The Federation, the point is, is officially on the hunt.

Unofficially, though…well.  They’ve escaped an awful lot of brigs and shiplocks—all though underhanded trickery and violence, their ex-guards are always quick to point out. See, they have the footage to prove it, look, the Enterprise crew is crafty and tricky and crazy and dangerous.  And there were problems with the lock, with the cuffs, with the shiplock, can’t the Federation keep their own people in good quality tech?  Naturally no one would help the Enterprise, they’re wanted criminals, they’re dangerous, they’re pirates.

That brig door has been broken for years.
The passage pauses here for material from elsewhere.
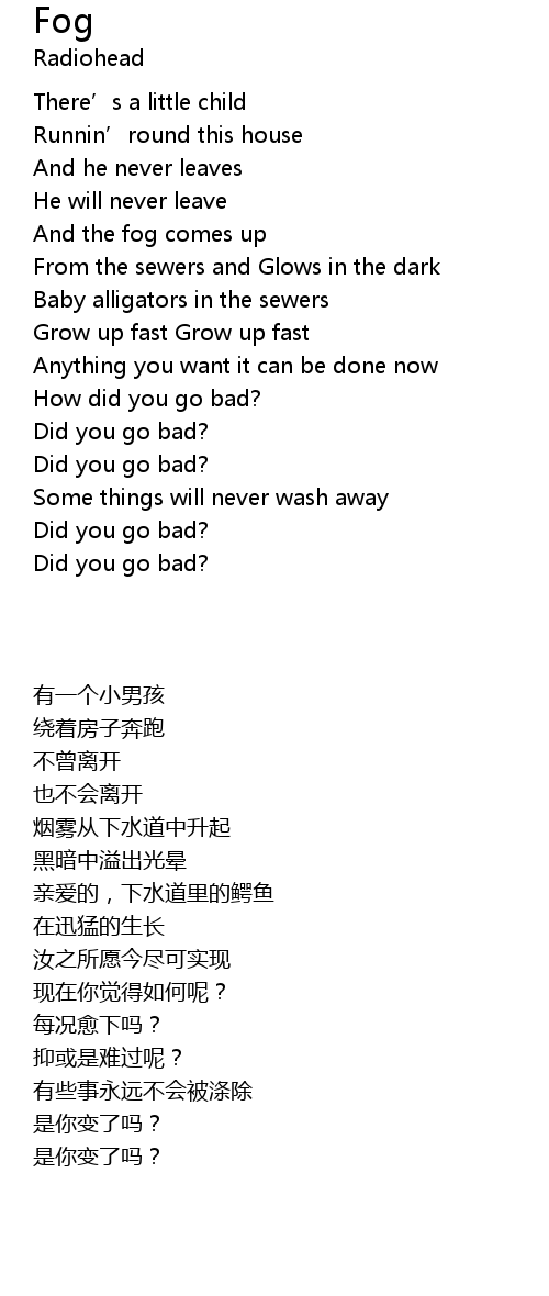 | [02:05.14] | How did you go bad? |

They’re pirates with a weird habit of helping stranded ships and going on strict rations so they can share their food and figuring out ways to save whole cultures from plagues and negotiating treaties, though.  The worlds that are part of the Federation territory learn to fear their own ships, but the Enterprise…she’s their savior. The names of the crew are whispered among the people on the ground, Kirk and Uhura and Spock and McCoy and Chekov and Sulu and on and on and on. She’s always oddly well-stocked for a pirate ship, never really risks starvation.  Her dilithium chambers are always full—must be stealing from old wreckage and defeated enemies, of course.

The Federation’s upper echelons hunt the Enterprise down.
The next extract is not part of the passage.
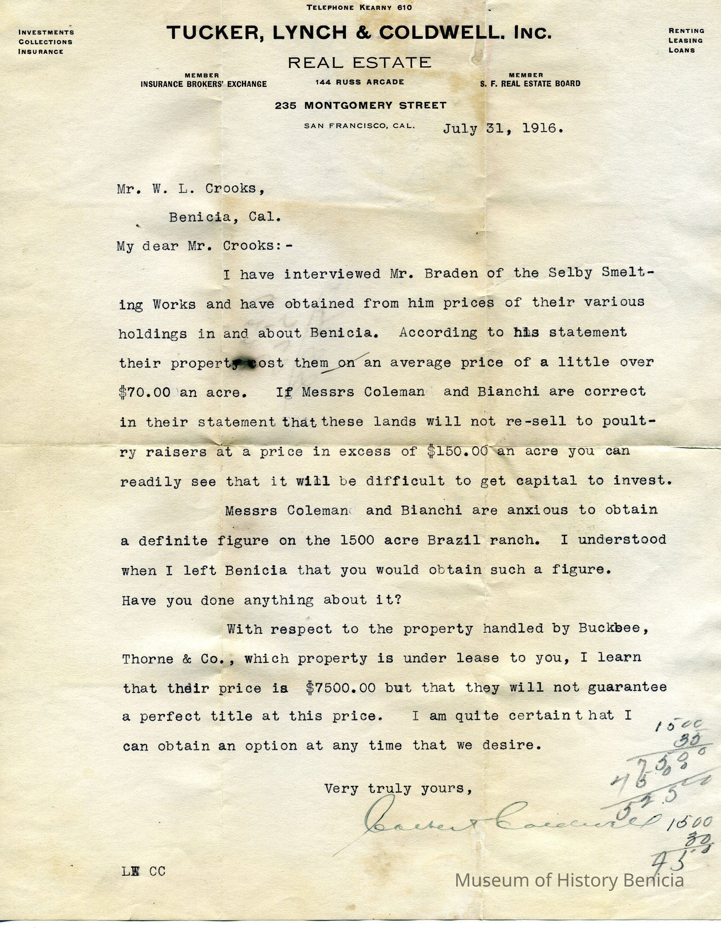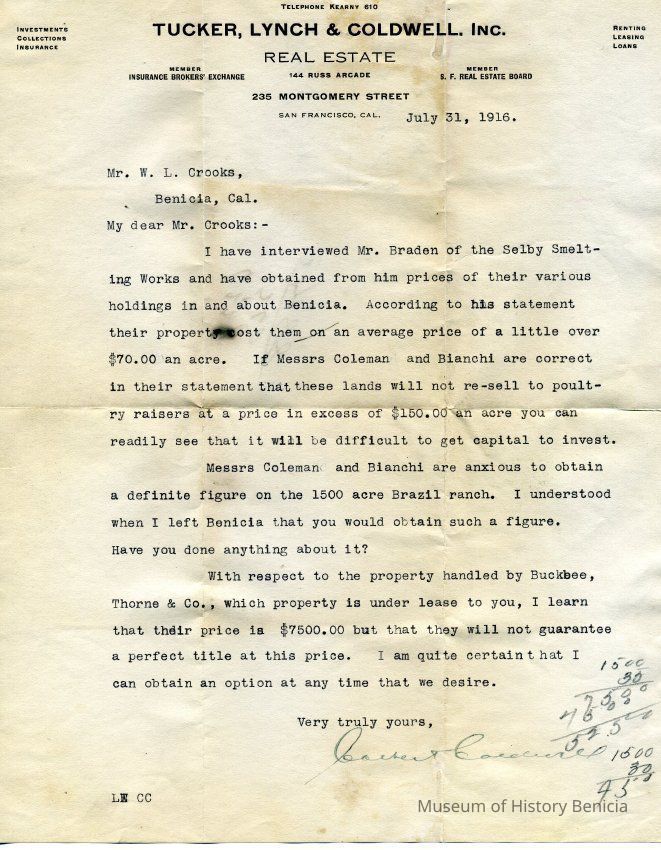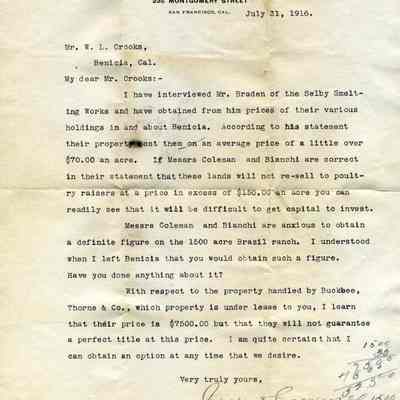 It is sent in regards to property held in Benicia by Mr. Braden of the Selby Smelting Works; also concern the price of 1500 acre Brazil Ranch. Mr. Coldwell is asking Mr. Crooks if he has done what was asked of him in regards to some real estate transactions.

The Federation’s people love her.  They call her the Silver Lady, or the Lady of Starlight, or Lady Luck.  

And everywhere she lands, her crew says “We will fix this.  We will stop this.  This is not what Starfleet should be, we are what Starfleet should be, and we will make this better.”

Anonymous asked: Here's the anon from Pirate fic!! Oh my gosh thank you for writing your headcanons, and oh dear we live on opposite ends on the earth so it wasn't 1am for me!! You're a lovely person and your fics (here and AO3) are really great, have a good day and all the love!! <3

Oh, trust me, babe, don’t feel bad about the 1 AM thing, I have zero impulse control and a desperate craving for pirate AU’s of everything, ‘tis no one’s fault but my own.  Besides, it was a ton of fun.  And I’m so glad you liked it (and my other fics, oh my gosh, you’re so sweet, I’m dying)!  You have a lovely day too, honey!
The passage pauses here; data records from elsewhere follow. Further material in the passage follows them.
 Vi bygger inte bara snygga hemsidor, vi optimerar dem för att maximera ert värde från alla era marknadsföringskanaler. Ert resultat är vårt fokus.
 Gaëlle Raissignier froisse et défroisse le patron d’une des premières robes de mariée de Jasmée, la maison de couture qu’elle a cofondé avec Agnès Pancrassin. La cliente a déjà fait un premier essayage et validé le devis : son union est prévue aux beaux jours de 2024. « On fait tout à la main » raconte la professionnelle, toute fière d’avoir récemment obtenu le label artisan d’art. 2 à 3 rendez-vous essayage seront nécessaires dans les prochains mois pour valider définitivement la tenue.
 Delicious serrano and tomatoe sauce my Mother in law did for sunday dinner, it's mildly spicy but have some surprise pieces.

Anonymous asked: Your PoC post just reignited my desire for Les Mis pirate fic; also Elizabeth Swann is my favorite character in the entire series

Okay, first of all, liking Elizabeth Baddest-Ass-Sailing-The-Seven-Seas Swann best is an indication of exceptional taste, I approve, you go.  Second of all, it’s way too one-in-the-morning for me to write actual fic, but I’m gonna cast the fuck out of a pirate AU, because motherfucking pirates.

  • Enjolras: the captain, of course, of the buccaneer ship Abaisse.  It’s small, easily crewed by half a dozen in a real pinch, and as long as no one takes any injuries their little crew does pretty well.  Abaisse–or ABC, as they affectionately call her–is a whip-quick little boat, too, their attack method to strike like lightning and raid even the biggest merchant ship in minutes.  Enjolras was the son of a wealthy merchant–he bought Abaisse with the last of his own money, after he left in a rage upon discovering that his father’s lucrative new business venture was based on human cargo.  Abaisse’s first strike was on one of his father’s merchant ships, crossing the ocean to bring slaves to the New World–her crew took the ship like a hurricane and earned themselves the nickname Les Amis, after they turned the ship over to the captured men and women.